When the story was finally published as part of Tolstoy’s collected works in 1890, he included an epilogue in which he sought to clarify its message. “We must cease thinking that carnal love is something peculiarly exalted; we must come to understand that the aim which is worthy of man is to serve humanity, his country, science, or art (let alone serving God).”
As he grew older, Tolstoy was particularly influenced by the writings of Schopenhauer, whose idealist philosophy sought to counter materialist and social revolutionary trends, by promoting forms of moral asceticism as the path to salvation. Tolstoy became convinced the path to social salvation lay through Christian love, celibacy, vegetarianism and non-violence.

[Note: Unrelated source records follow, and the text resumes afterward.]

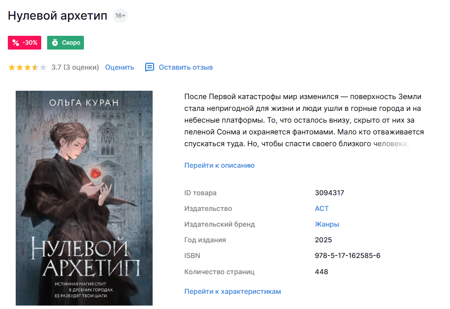 Автор: О. КуранСмотрите, читай-город открыл предзаказ "Нулевого архетипа":
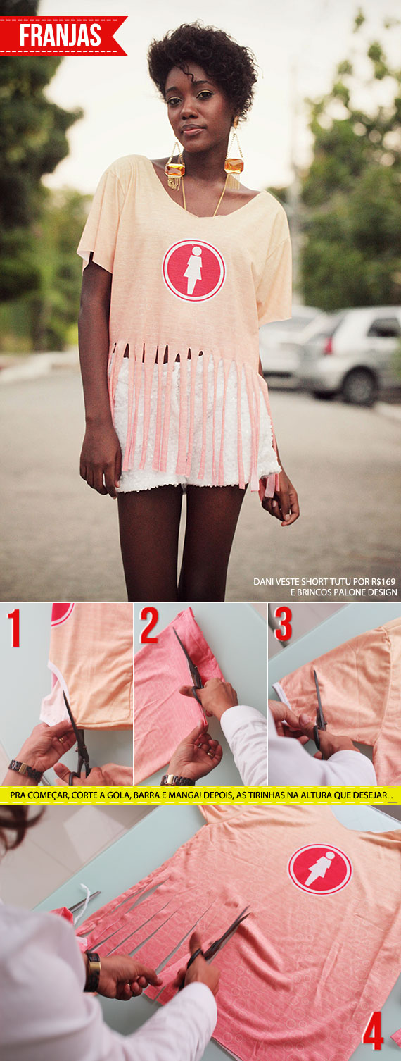 Pensei em modelos mais simples, que possam ser customizados apenas com tesoura, no máximo linha e agulha pra dar uns pontinhos, mas nada de outro mundo! Além disso, minha dica pra coordenar as peças é justamente IGNORAR o abadá e montar os looks ao redor dele, o danado não vai combinar com nada mesmo, relaxa! kkkk
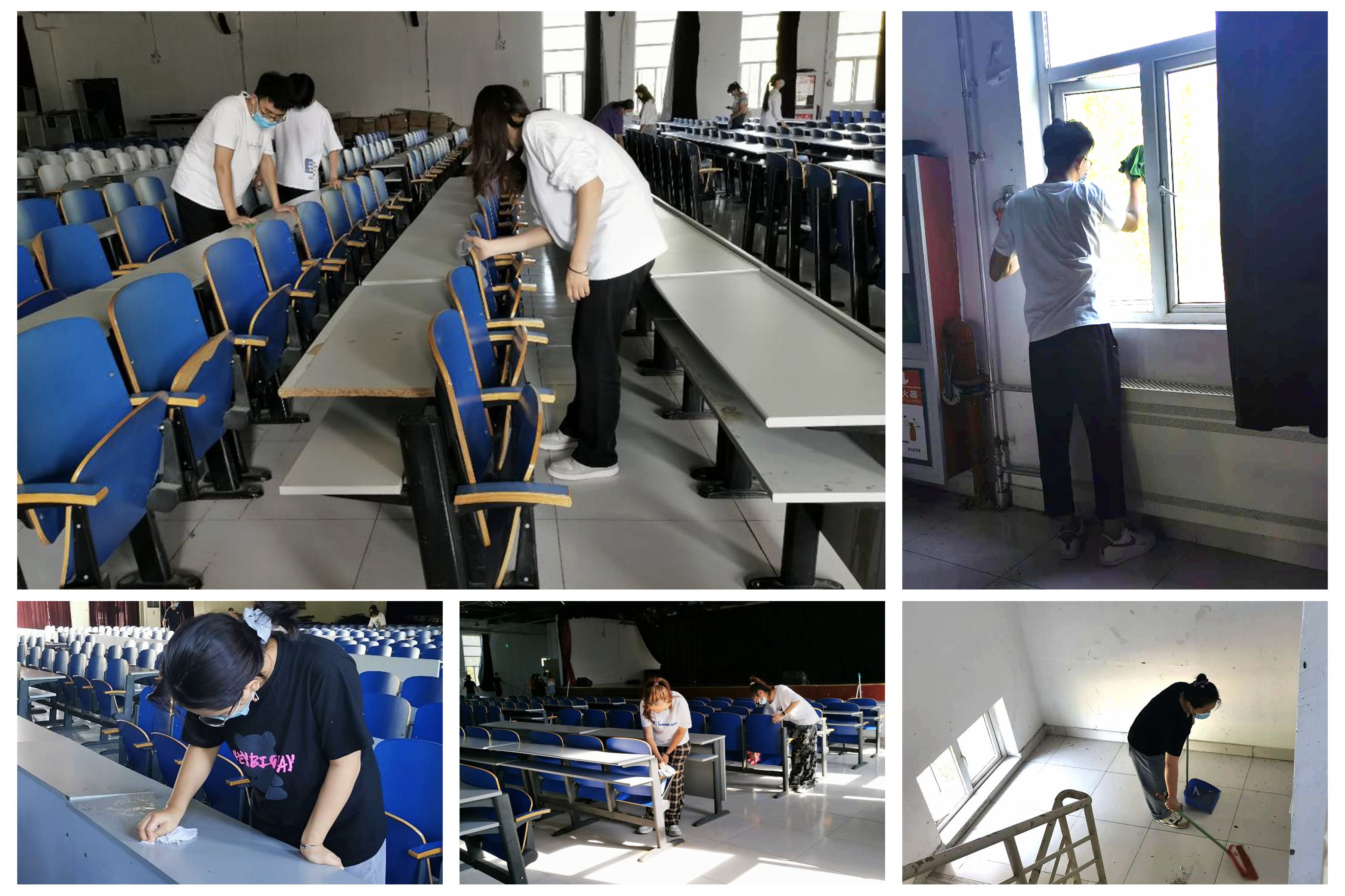 疫情期间,素质教育中心作为整合校内外资源,面对学生进行素质教育培训,实现学生、教师和社会三方面互动的一所无形学院,卫生问题不容忽视。志愿者通过志愿汇APP报名参加活动,30名志愿者清洁素教二楼表演场地,其余志愿者打扫一楼办公室和培训室。虽然正值夏季的尾巴,天气依然酷热难耐,但志愿者没有被火辣辣的太阳吓住,个个戴着口罩干得热火朝天。有的男同学甩开臂膀三个一伙、五个一群,把堆放在二楼的闲置办公桌椅分门别类再依次抬到墙边归置好。其他的志愿者也都自带抹布对观众席座椅、走廊、楼梯间、窗户、旮旯死角彻底清扫。除了清洁,志愿者还将一楼办公室的各种学生文件分类整理,并把培训室的乐器擦拭干净迎接新生的到来。经过他们的辛勤劳动,素质教育中心重现昔日风采。

He corresponded at one point with the Indian nationalist champion of passive resistance, Mahatma Gandhi; and his condemnation of the State and of organized religion led him to support the anarchist Kropotkin and the ideas of the French petty-bourgeois socialist Proudhon, whom he’d met as a younger man.

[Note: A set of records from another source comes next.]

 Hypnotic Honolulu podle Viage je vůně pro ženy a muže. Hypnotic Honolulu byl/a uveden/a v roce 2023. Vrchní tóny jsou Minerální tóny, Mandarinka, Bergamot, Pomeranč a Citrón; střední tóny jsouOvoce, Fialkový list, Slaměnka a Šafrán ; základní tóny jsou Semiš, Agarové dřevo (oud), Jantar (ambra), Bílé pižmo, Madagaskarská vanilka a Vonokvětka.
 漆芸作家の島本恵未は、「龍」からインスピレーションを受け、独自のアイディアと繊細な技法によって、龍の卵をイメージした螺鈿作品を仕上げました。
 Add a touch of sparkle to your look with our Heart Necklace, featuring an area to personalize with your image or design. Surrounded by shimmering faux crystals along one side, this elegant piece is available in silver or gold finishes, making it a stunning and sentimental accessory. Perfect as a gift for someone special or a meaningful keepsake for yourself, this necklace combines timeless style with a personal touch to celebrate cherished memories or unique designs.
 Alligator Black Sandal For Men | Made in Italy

His ideals drew many disciples who sought to live as “Tolstoyans,” and the novelist has been co-opted by various anarchistic, “free love,” back-to-nature radical movements ever since. This is the side of Tolstoy that The Last Station is most comfortable with. As Bulgakov says to Masha, the free spirited wood-splitter, “Maybe you are really truer to Tolstoy than Tolstoy himself.”

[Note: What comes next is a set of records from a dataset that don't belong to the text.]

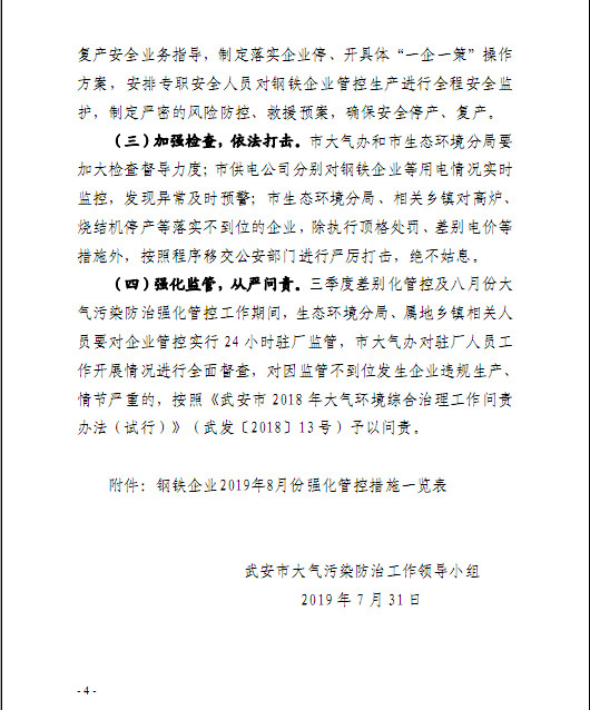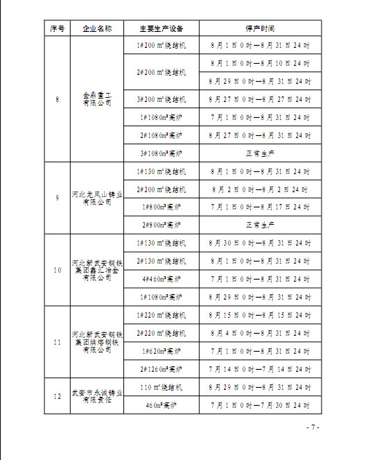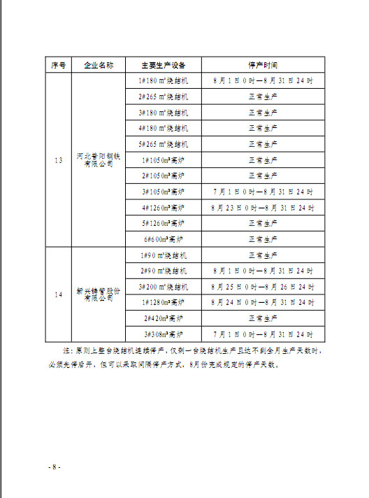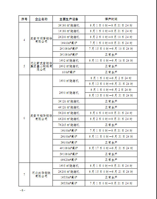而从高炉限产情况看,绝大多数高炉限产力度与7月初限产方案一致,仅有3家钢企出现调整。其中一家增加了限产力度,而另外两家限产力度略有放松。粗略计算,按照新的限产方案执行的话,8月份武安地区粗钢产量将比原计划仅增加6万吨左右,对市场实际影响并不大。
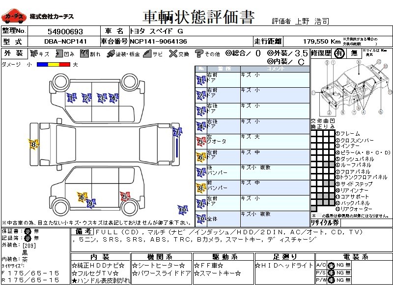 フル装備 / CD / マルチ(ナビ) / エアコン(オート) / テレビ(アナログ) / 乗車定員(5人) / エアバッグ / 助手席エアバッグ / ABS / トラクションコントロール / バックカメラ / ETC(社外) / スマートキー / ディスチャージ /
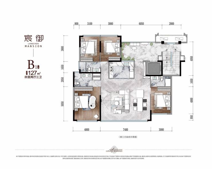 建面约127平套四
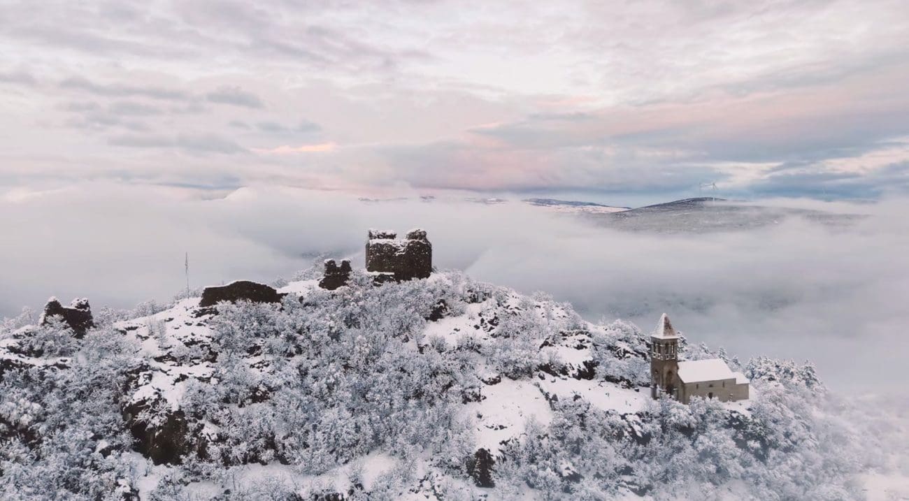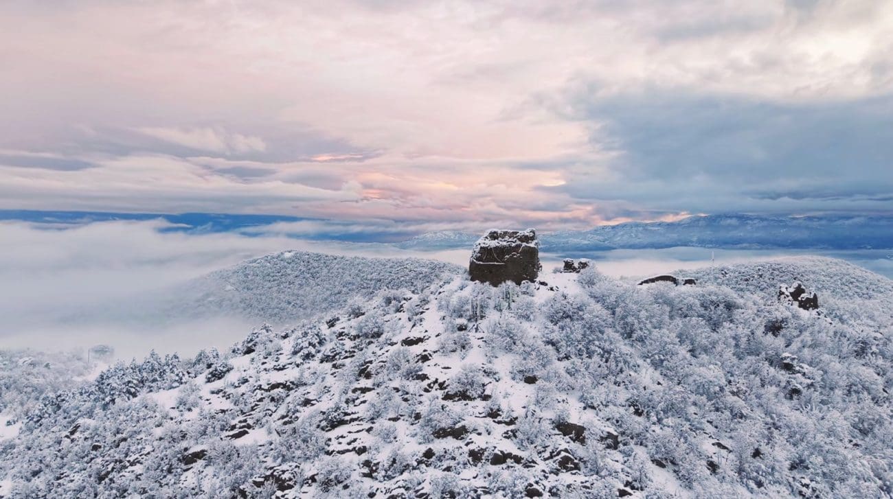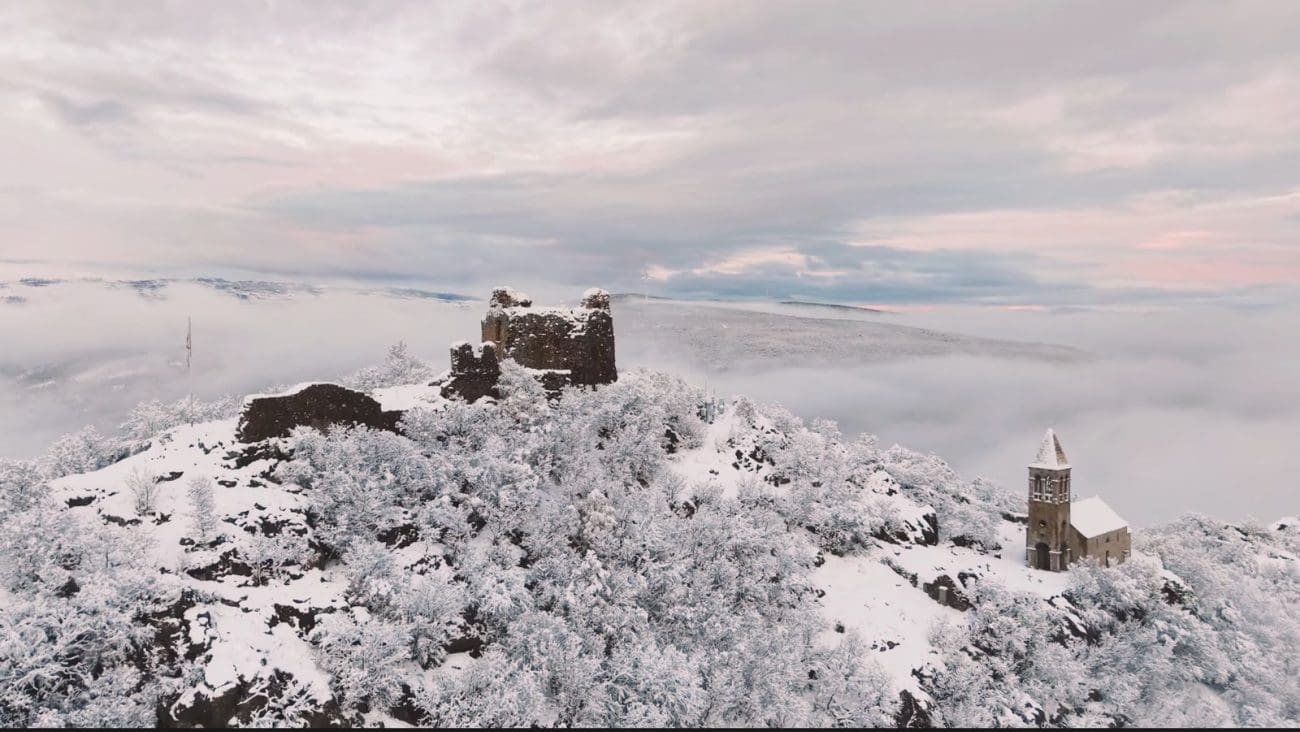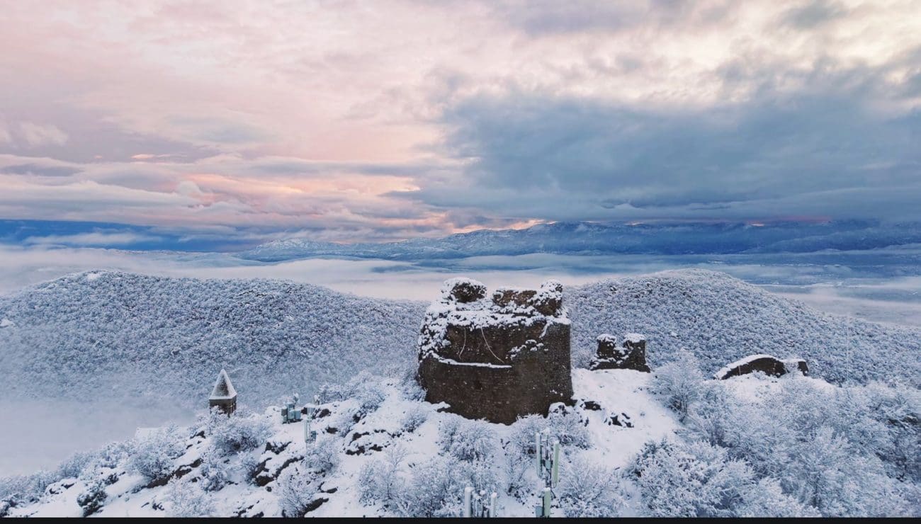 U impresivnom kadru snimljenom dronom u smiraj dana, visoko iznad oblaka, stara kula Čačvina izranja iz snijega i magle, okružena zimskom tišinom. Svjetlo sutona obojilo je planinske obrise u hladne plave tonove, dok su kameni zidovi, nagriženi vremenom, ostali stajati kao nijemi svjedoci prošlih stoljeća.

In reality, Tolstoy would have had little patience with the smug philistinism of the film. In part, because Helen Mirren’s portrayal of Sofya brings a certain charm to an otherwise self-absorbed character, but primarily because of the way it is shot and arranged, the film suggests that really, after all, what was the old man making such a fuss about? Why would he want to give up such a comfortable life and lovely estate? Why was he driving his poor wife to distraction by dressing up as a peasant and acting like Christ? Wanting to give up private property—isn’t that just too absurd!
The film closes by saying that Sofya Tolstoy won back the copyright in 1916 though she died a few years later. It makes no mention of the fact that the Russian Revolution rendered this minor victory moot—or that it even occurred.
This failure to approach history with much more than the authenticity of costume design would have been deeply repugnant to Tolstoy. History was not a backdrop in his work. War and Peace, set in 1805, 23 years before his birth, spreads the panorama of the Napoleonic invasion of Russia, the occupation and burning of Moscow and finally the Battle of Borodino and the French retreat, not as a mere setting for the lives of his characters, but as a subject of the novel itself.
Moreover, while Tolstoy remained opposed to revolutionary action, he remained no less implacable in his conviction that private property and the social relations they engendered had to end. In I Cannot Be Silent, written in 1908, just two years before he died, he flung the pieties and hypocrisies of an unequal society back in its face. Of that work, Leon Trotsky wrote:
“And though he refuses a sympathetic hearing to our revolutionary objectives, we know it is because history has refused him personally an understanding of her revolutionary pathways. We shall not condemn him. And we shall always value in him not alone his great genius, which shall never die so long as human art lives on, but also his unbending moral courage which did not permit him tranquilly to remain in the ranks of their hypocritical church, their society and their state but doomed him to remain a solitary among his countless admirers” (Tolstoy: Poet and Rebel).
This is the Tolstoy whose legacy should be remembered. The Last Station might at least serve a useful purpose if it were to remind us: “Read Tolstoy!”